Is everything in mathematics built on add, subtract, multiply and divide?

Not really. For one thing, before you can "add", "subtract", "multiply", and "divide", you have to have something that you are "adding", "subtracting", "multiplying", or "dividing." So that "something" has to precede these operations. And for another, there are many notions that cannot really be expressed in these terms. To take a familiar one if you've taken Calculus, the idea of "limit" is not one that can be expressed in terms of adding, subtracting, multiplying, or dividing, but rather is expressed in terms of "approaching", or of being "arbitrarily close to". (This is one reason why Newton and Leibnitz are so rightly hailed as revolutionaries: the ideas of Calculus were very much unlike what mathematics had been up to that point.)

However, one has to start somewhere. Historically, mathematics started from different starting points in different cultures; counting was certainly one of the firsts things that comes up. But some cultures then realized that they need some more general ideas that went beyond simply counting (with its addition, multiplication, etc). Greeks settled on geometry as their underlying structure, and in fact translated everything about numbers into statements about geometry: lines, points, circles, squares, etc. Other cultures did not.

These days we usually take the route of axiomatic theories, where we have some "primitive notions" that are not defined, and some rules about how we can talk about them and their properties, and then we try to build everything on top of that. One can start from the natural numbers (the "counting numbers") using, for instance, the Peano axioms, and start building from there. Then you are actually starting before you get to "addition", "multiplication", "subtraction", and "division", with only the notion of "number", "next one", and induction. Or we can have other starting points.

Now, today, there is usually one of two starting points: Set Theory, and Category Theory. Both presume that we agree on the basics of logic (the meaning of things like "and", "or", "if... then...", and "not", the meaning of "is equal to", and things like that); and the rules of inference, which are rules that let you go from some statements others; for instance, the rule that says that if you know that A implies B, and you also know that A is true, then you know that B is true.

In Set Theory, you start with the idea of "set" and "element of"; these ideas are not actually defined, you just give some axioms that describe things you can say about them. From these axioms one can define numbers, addition, multiplication, etc. And also build other notions that are orthogonal to natural numbers and their usual operations.
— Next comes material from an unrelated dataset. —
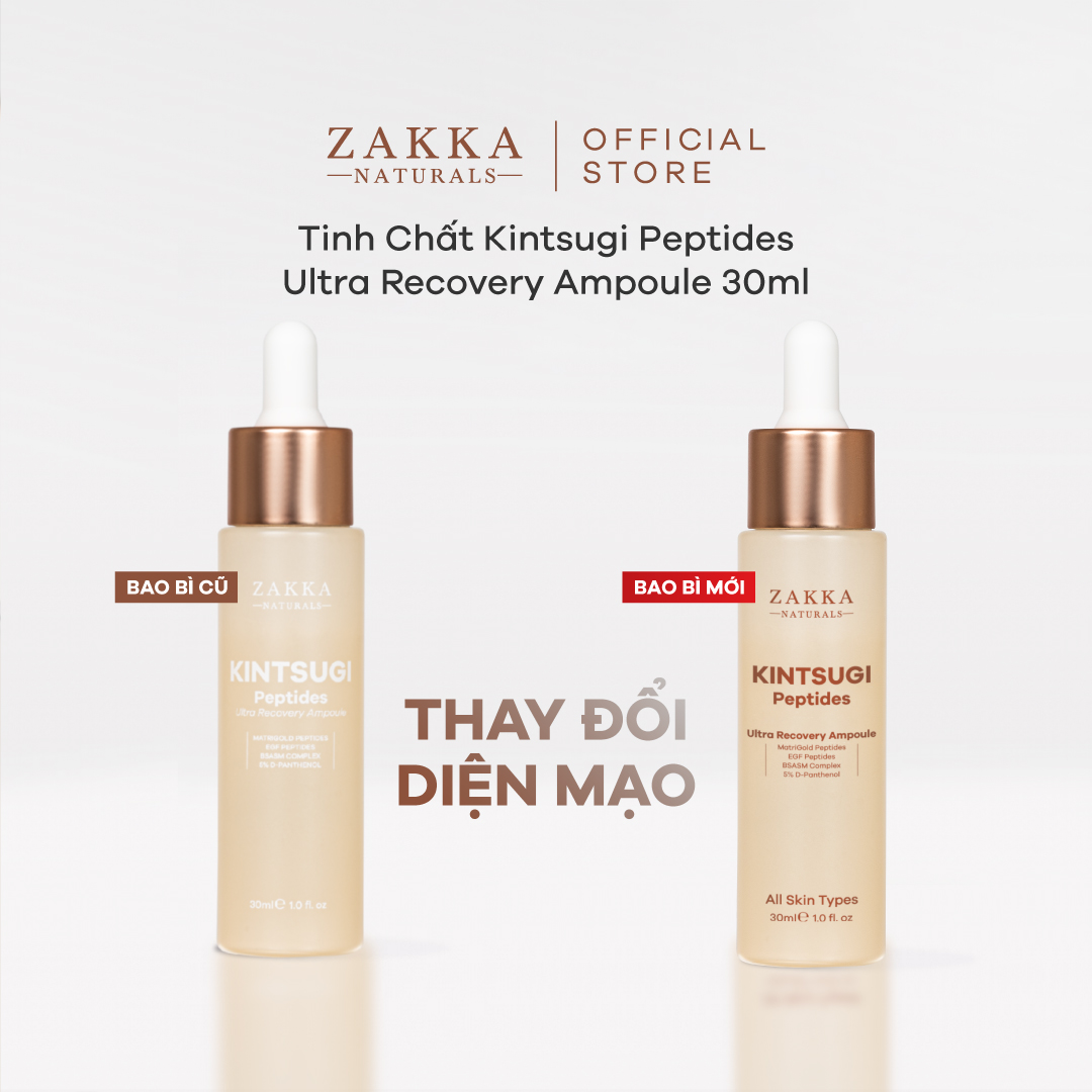 Tinh Chất Phục Hồi Độ ẩm Chuyên Sâu & Lành Tổn Thương Zakka Naturals Kintsugi Peptides Ultra Recovery Ampoule. Trong đó, 5 loại HA đa tầng giúp dưỡng ẩm khắp các tầng da và hỗ trợ phục hồi. Da được cải thiện và tái tạo nhanh chóng để làm lành vết thương nhờ các lợi ích của 6 loại peptides. Cùng với 8 loại chiết xuất thực vật hỗ trợ làm dịu ngay tức thì, và giảm viêm. 7 loại amino acids cấp ẩm và duy trì độ ẩm sâu trong da , đồng thời giúp quá trình phục hồi và làm lành da bị tổn thương diễn ra nhanh hơn.

In Category Theory, you start with the idea of "objects" and "maps" between objects (again, not defined; you only get some axioms that tell you how you can talk about them); then you can use these notions to construct everything else in terms of them.
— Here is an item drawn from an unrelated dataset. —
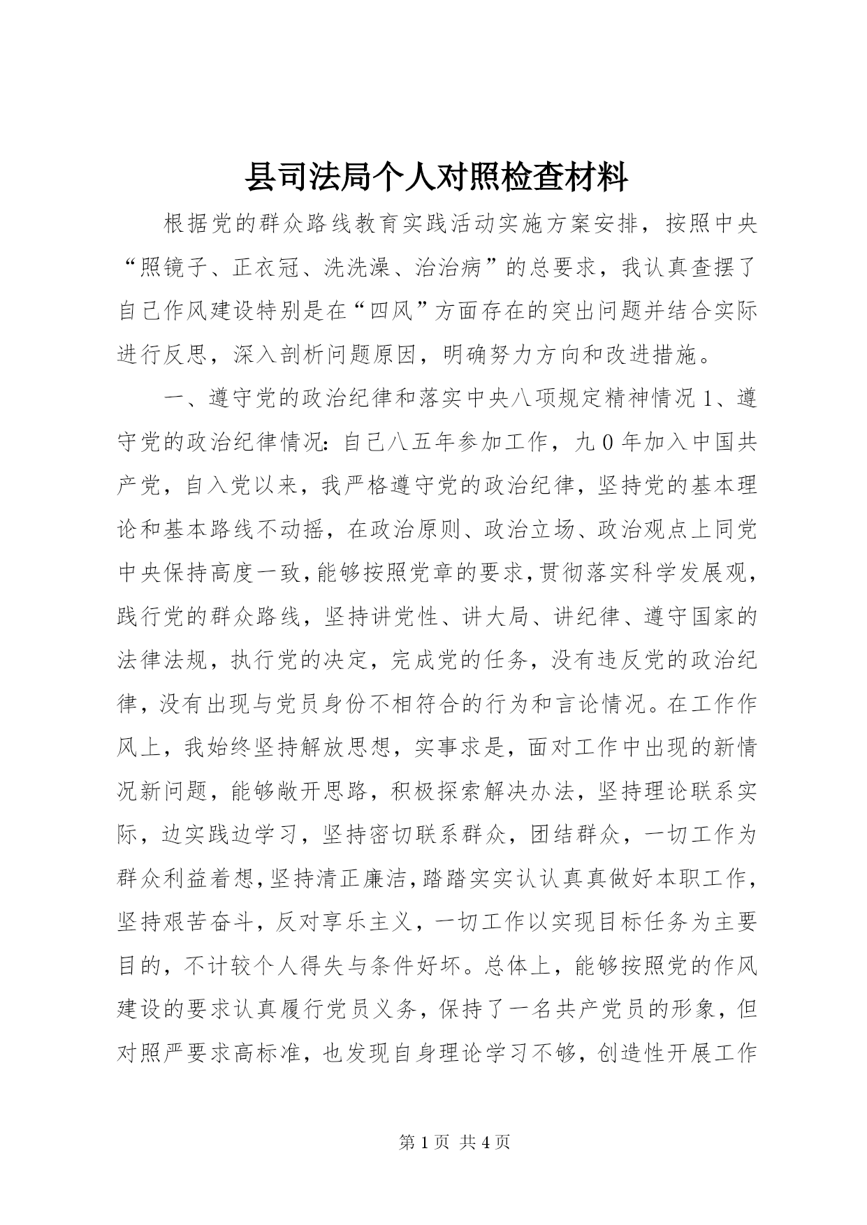 第PAGE\*Arabic\*MERGEFORMAT4页共NUMPAGES\*MERGEFORMAT4页县司法局个人对照检查材料根据党的群众路线教育实践活动实施方案安排,按照中央“照镜子、正衣冠、洗洗澡、治治病”的总要求,我认真查摆了自己作风建设特别是在“四风”方面存在的突出问题并结合实际进行反思,深入剖析问题原因,明确努力方向和改进措施。一、遵守党的政治纪律和落实中央八项规定精神情况1、遵守党的政治纪律情况:自己八五年参加工作,九0年加入中国共产党,自入党以来,我严格遵守党的政治纪律,坚持党

So, rather, in modern mathematics everything is either "sets all the way down", or everything is "categories all the way down". If there is one common set of presuppositions, it's just basic logic.


This is an interesting rhetorical question. On the one hand, many theoretical mathematical concepts transcend arithmetic. However, computer algebra systems (such as Mathematica) are able to express answers to those sorts of questions using a CPU that performs a limited range of simple computations. So the answer is a matter of opinion. Or there is no answer?